Some customer interactions will be on product categories adjacent to the vitamin, mineral and supplement space – meal-replacement bars, other functional foods and personal care products – in addition to more on-the-go packaging of existing products the firm plans to introduce. Vitamin Shoppe’s retail re-invention includes more shelf space for the adjacent categories and on-the-go products.

“Over the next year, you will see us continue to test and then broaden our focus on these growth adjacencies. Importantly, the size of our stores enables us to add new categories and optimize our assortment,” Watts said.

One change Vitamin Shoppe currently is not working on is franchising retail operations, though Watts told analysts the firm could be open to the change in the future.

“We certainly see benefit from the fact that we have a company-owned fleet and we have store employees that are directly linked into the Vitamin Shoppe,” he said.

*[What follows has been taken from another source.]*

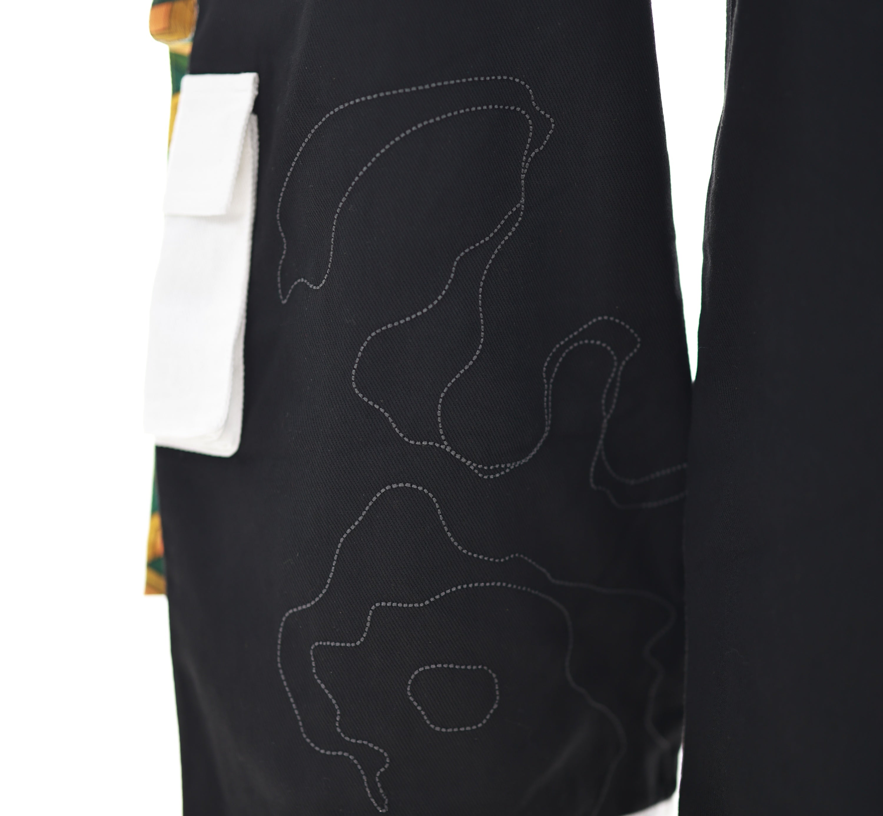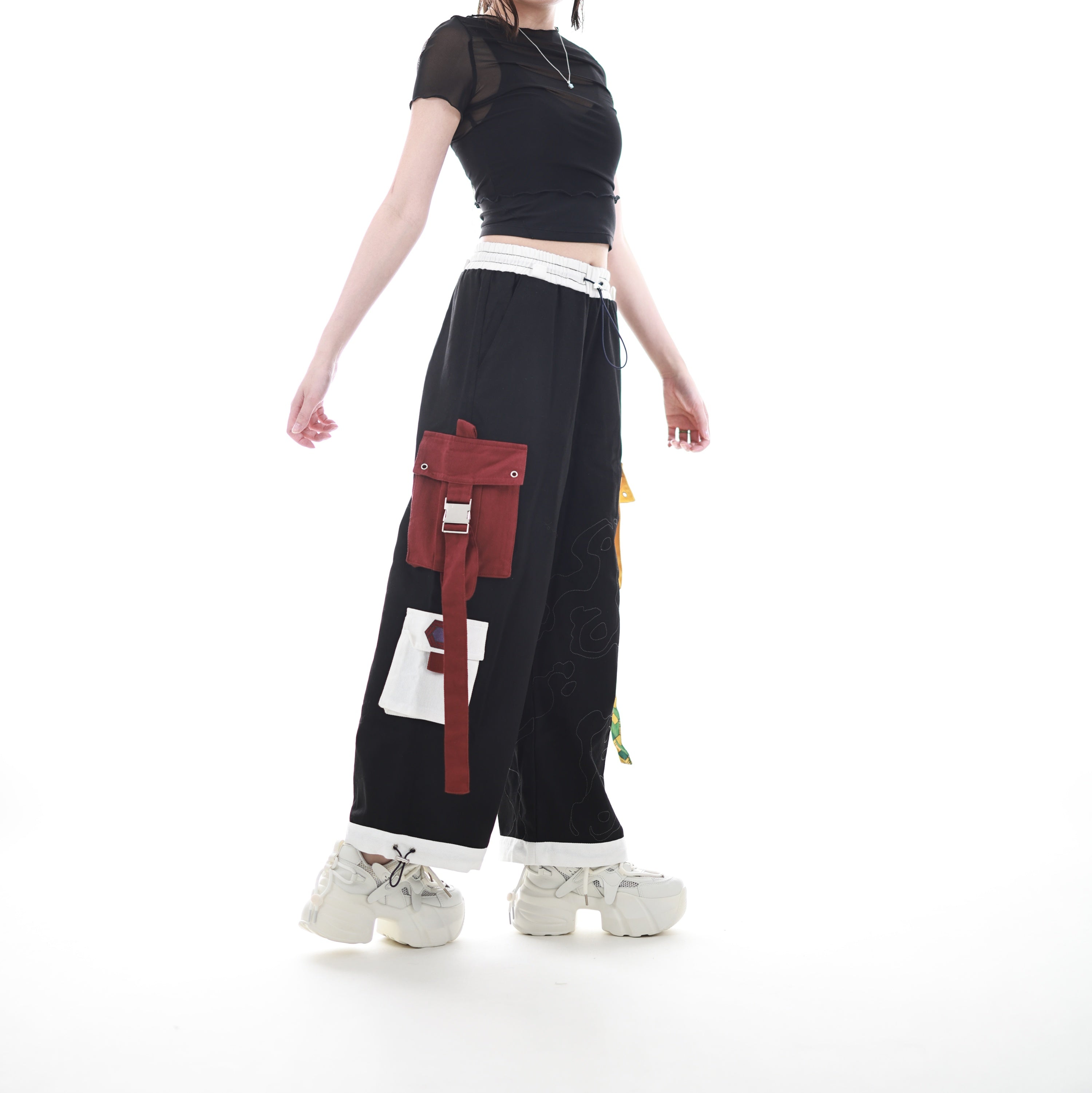 All pieces from the slayer collection feature some of the most unique and detailed embroidery, knit & denim designs we have ever made. The fabric is made from a very high quality denim material. The pockets of these pants feature a unique appliqué pattern that makes them look very luxurious. The embroidery also adds a unique touch to the design and makes it very interesting for casual outfits or subtle cosplays. The embroidery has been specially modified so that it is not itchy on the skin and blends well with the denim fabric. The cargos can be tightened at the bottom so they can match even more styles. The design is supposed to make you comfortable while standing out in a positive way.  The elastic in the back also ensures an extra comfortable fit without getting too tight.

The firm opened 13 stores and closed four during the quarter, bringing the total count to 734. Galgano said 900 stores remains the firm’s target.

“We still see good opportunity for 900 stores,” but with the reinvention work ongoing, “it's probably safe to say that we'll probably not quickly accelerate the rate of new store growth in early 2016,” she said.

In addition to adding Beardall, Vitamin Shoppe hired David Kastin as general counsel and senior vice president. Beardall joined the firm in June from contract manufacturer Capstone Nutrition, where he was president; Kastin moves from similar posts with Town Sports International Holdings Inc., an owner and operator of health and fitness clubs.